Third ESCA/COCOSDA Workshop on Speech Synthesis
November 26-29, 1998
Concatenative synthesis is widely used in TTS to generate synthetic speech with high quality and relatively natural-sounding prosody. Whatever the type of synthesis unit used, (diphone, phoneme, etc.), a large speech database is usually needed to ensure the phonetic and phonemic variation of the units in a rich variety of contexts. In the CHATR synthesis system, unit selection finds the most appropriate phoneme sequence for an input text by using a criterion of minimizing a) joint discontinuity and b) mismatch in target prosody.
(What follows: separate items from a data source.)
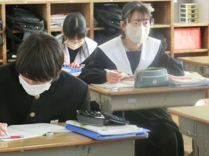 1/29 2-2 テクニックの伝授 2 公開日 2024/01/29 更新日 2024/01/29 各学年から 2年2組の数学の授業の様子です。 先日取り組んだ学習診断テストの過去問の解説が行われていました。同時に正確に早く正解を導き出すテクニックも伝授されていました。直前まで努力を惜しまず、本番に臨んでほしいと思います。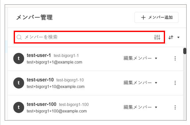 メンバー名やメールアドレスを入力して検索をかけることができます。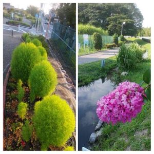 今日の散歩道🚶② コキアがもりもりしてきました🤗💪 秋が楽しみです👍 遊歩道のせせらぎに、空が☁️映りました(^O^)/ 帰省の皆さんや、お出掛けの皆さん🙌 お気を付けて(^O^)/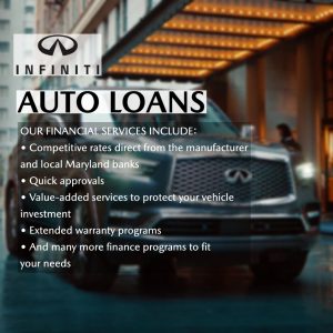 • The INFINITI of Suitland loan process can help you find the best interest rate for your next vehicle purchase.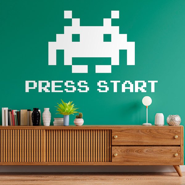 Sticker Mural Space Invaders Press Start. Design original de l'un des envahisseurs de l'espace qui apparaissent dans le jeu vidéo Martian killer de Taito en 1978. En dessous, vous pouvez lire "PRESS START", une fois que vous aurez appuyé dessus, le jeu commencera. C'est très facile à placer, commandez maintenant. Vous avez le choix entre plusieurs tailles et un large éventail de couleurs. Idéal pour décorer facilement les véhicules, les murs, les portes et la plupart des surfaces.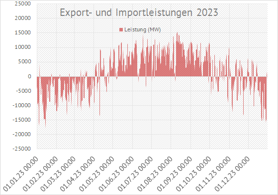 im Jahr 2023 [positive Werte --> Stromexport / negative Werte --> Stromimport] |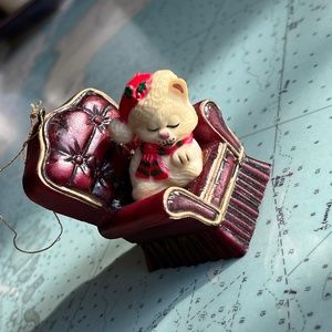 Vintage 1988 Wang's International cat sleeping in chair plastic Christmas ornament. Very good used condition. Measures approx. 2.5" x 2" x 2".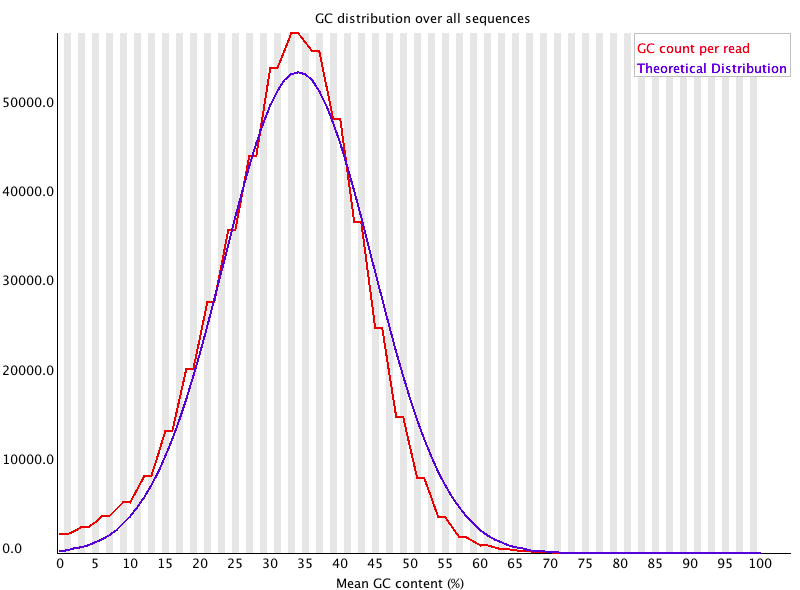 Plot of the number of reads vs. GC% per read. The displayed Theoretical Distribution assumes a uniform GC content for all reads.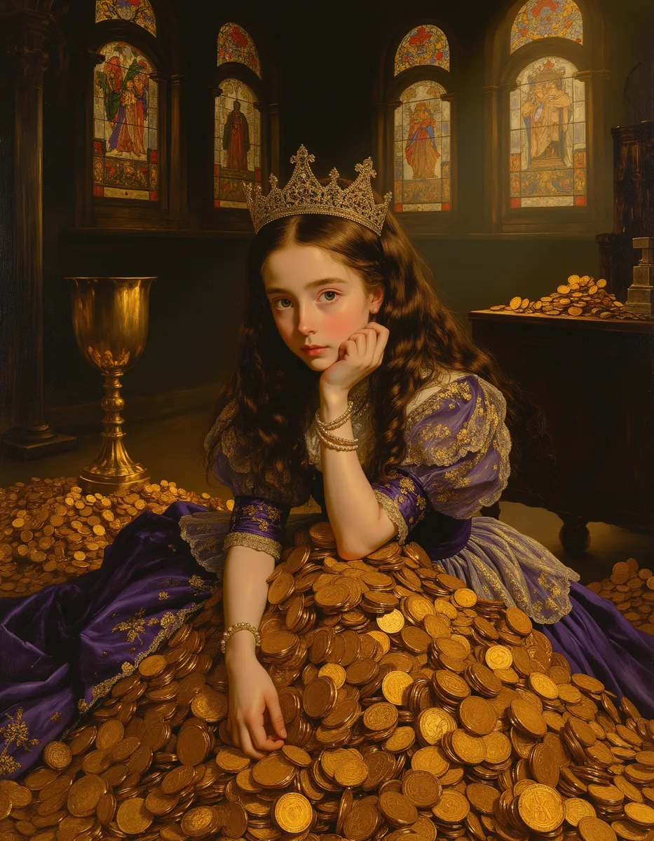 A young tween princess with delicate, ethereal white skin and long brown hair is seated on a large mountain of gleaming gold coins, wearing an ornate jewel-encrusted crown and a flowing purple silk dress with gold brocade details, corseted and hooped with a bustle. She rests her chin thoughtfully on her hand in a classic thinking pose. Around her are overflowing treasure chests, golden chalices, and strands of pearls scattered in an opulent treasury chamber. Dramatic warm golden light filters through stained glass windows creating colorful patterns on the walls. The image evokes a melancholic yet magnificent atmosphere in the style of Rembrandt with intricate brush strokes, balanced lighting, and a magical, cinematic quality.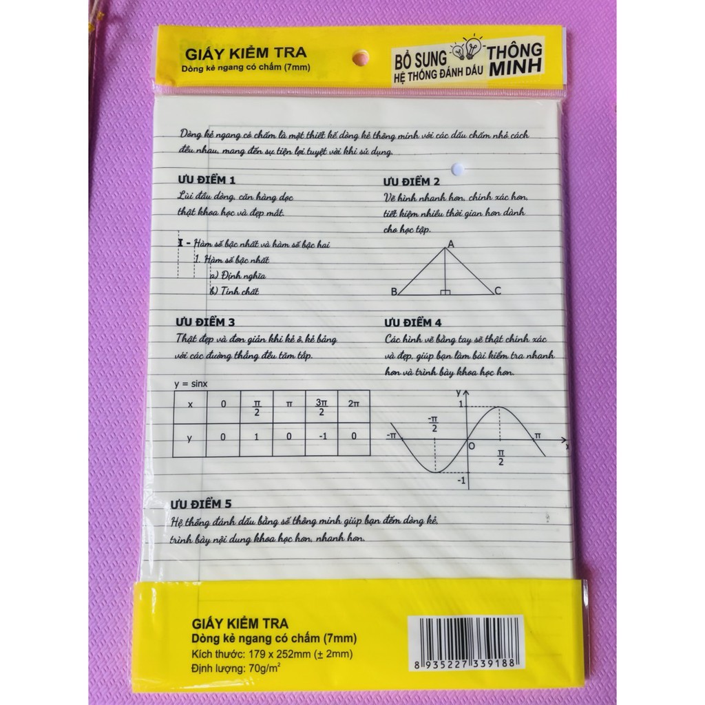 Giấy kiểm tra 4 ô ly dòng kẻ ngang có chấm thích hợp cho học sinh từ lớp 1 đến lớp 5 Là sản phẩm chất lượng cao 1 tập gồm 25 tờ đôi. Độ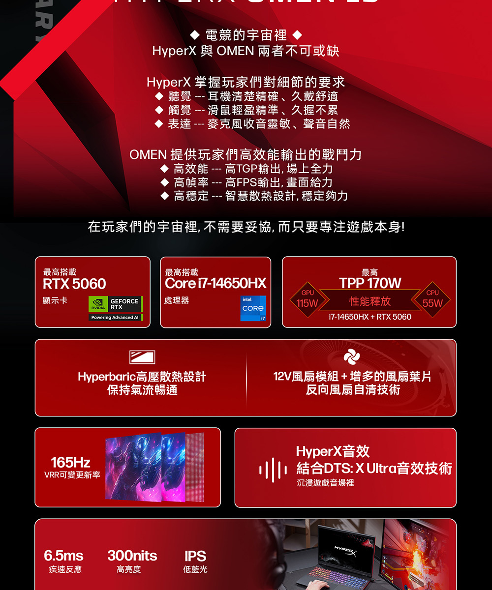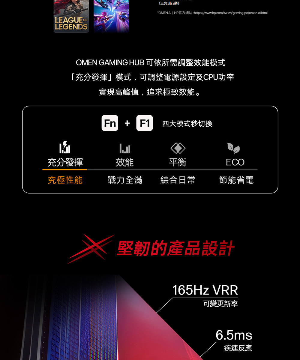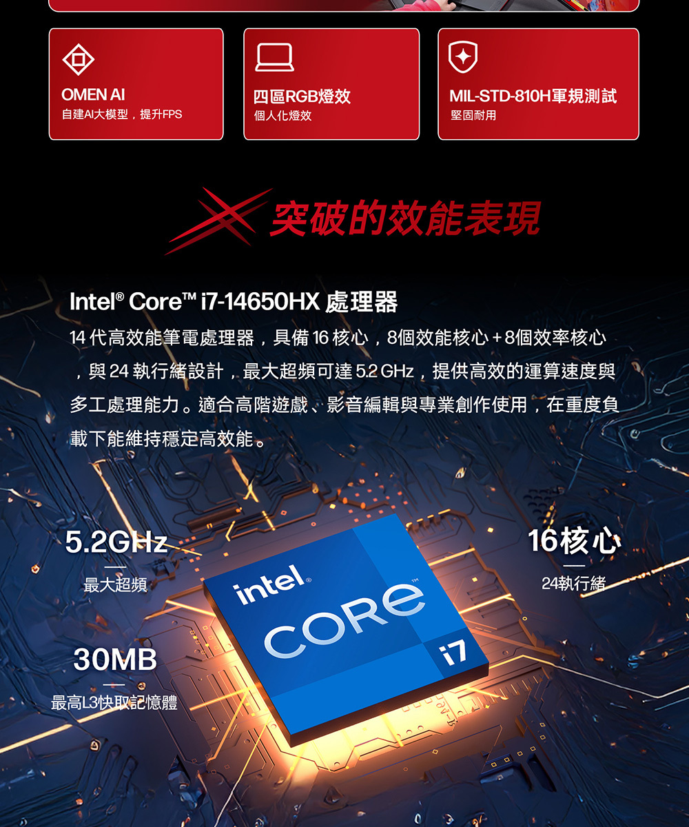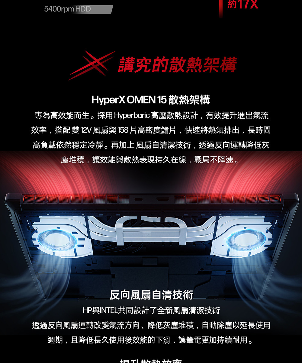 | <究極1 : 升級有感的效能表現> ◊最大TPP 170W (GPU 115W CPU 55W, 於"unleashed"釋放模式下) ◊ OMEN Gaing Hub, Fn P迅速切換使用使用模式 ◊最高RTX 5060 GPU AI 算力 572 TOPS ; 最大TGP 115W 效能輸出。透過改善的光線追蹤、AI增強的DLSS 4及NVIDIA Reflex疾速反應時間, 體現無與倫比的遊戲體驗 <究極2 : HyperX OMEN 15 散熱架構> ◊採用hyperbaric 高壓散熱設計, 增進氣流暢通 ◊採用2個12V風扇模組及158pcs風扇葉片, 讓熱氣能以更短的時間盡快排出, 以達降溫且穩定運行的目的 ◊引進風扇自清技術, 透過反向風扇運轉改變氣流方向降低灰塵堆積,自動除塵以延長使用週期, 且降低長久使用後效能的下滑 (於OGH ECO模式下將不支援) <究極3 : 實現完整的玩家體驗> ◊ 8K polling rate 高輪詢率鍵盤, 每0.125毫秒傳送一次訊號, 降低延遲、快速反應、提高準確率! ◊ 四區背光鍵盤, 個人化色彩, 展現個性與態度 ◊ 全尺吋方向箭頭按鍵與F-keys, 操作更舒適 ◊ OMEN AI : 透過數據分析與學習, 依據當下進行的遊戲、硬體、 GPU、CPU 、顯示、軟體設定等, 進行AI優調速建議, 使幀率大幅提升, 優化整體遊戲效能 ; OMEN AI 將持續更新, 透過AI智能調校優化更多的遊戲FPS, 讓玩家們專注於"玩遊戲"的本質 ◊ 採用混合式顯卡設計, 依需求追求效能或續航力 <究極4 : HyperX OMEN 15 產品設計> ◊ 低調、簡約卻不簡單的設計, 通過MIL-STD-810H 軍規測試, 高品質高耐用度 ◊ 90.64% 螢幕佔比; 16:10螢幕比例讓更多內容可以一眼即視 ◊ 165Hz VRR螢幕, 低殘影更能享受遊戲內容 ◊雙SSD槽, M.2 SSD Gen 4 Gen 5, 速度/擴充性兼俱 (出廠規格佔用一個Gen 4 SSD槽) ◊雙RAM活槽, 高擴充性 ◊完整的I/O port : 1x Type-C, 2x USB A , HDMI 2.1, RJ-45 ; 輕鬆外接及擴充 ◊ HyperX 音效, 雙喇叭結合DTS:X® Ultra音效技術, 利用遊戲數據計算出完整3D音訊,通過沉浸模式3D渲染,呈現身臨其境的環繞音效,讓遊戲感受更加震撼而逼真 ◊永續環保 : 採用消費性回收材質於筆電之設計中 ![]() ![]() ![]() ![]() ![]() ![]() ![]() ![]() ![]() ![]() ![]() ![]() ![]() ![]() |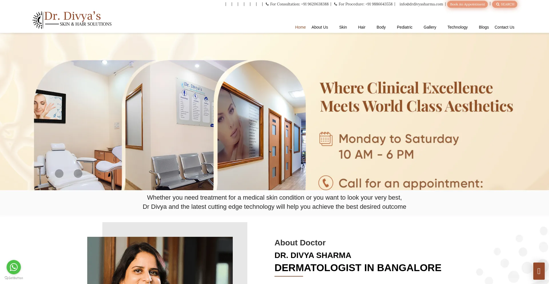 Dermatologist in Bangalore, Dr. Divya Sharma, offers expert skin & hair treatments. Visit the best skin care clinic for personalised care by top specialists.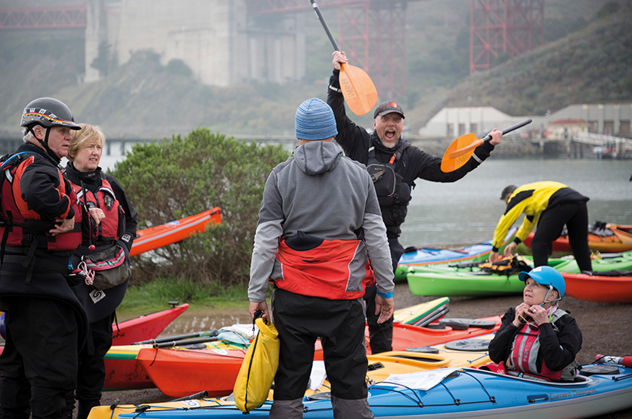 The tribe gathers at The Bay Model in Sausalito for dinner and Saturday night entertainment that includes a short kayaking film presented by the ocean whitewater crew, Neptune’s Rangers, and an inspiring presentation by Justine Curgenven, a serial sea kayak explorer. With bellies full of good food, beer and wine, we head back to the hostel for a well-earned night’s rest.

However, in the current unit selection module, only an objective distance function is used, and the pitch and duration are not modified to match the target prosody.
We address two issues in this paper: (1) How to derive a perceptual discontinuity function to determine the perceptually significant amount of discontinuity between two candidate units, while (2) taking into account the constraints of possible prosodic modification (pitch/duration scaling using signal processing). Both the techniques are tested with the unit selection and synthesis modules and the changes in voice quality and prosody are evaluated.
Bibliographic reference. Ding, Wen / Fujisawa, Ken / Campbell, Nick (1998): "Improving Speech Synthesis of CHATR Using a Perceptual Discontinuity Function and Constraints of Prosodic Modification", In SSW3-1998, 191-194.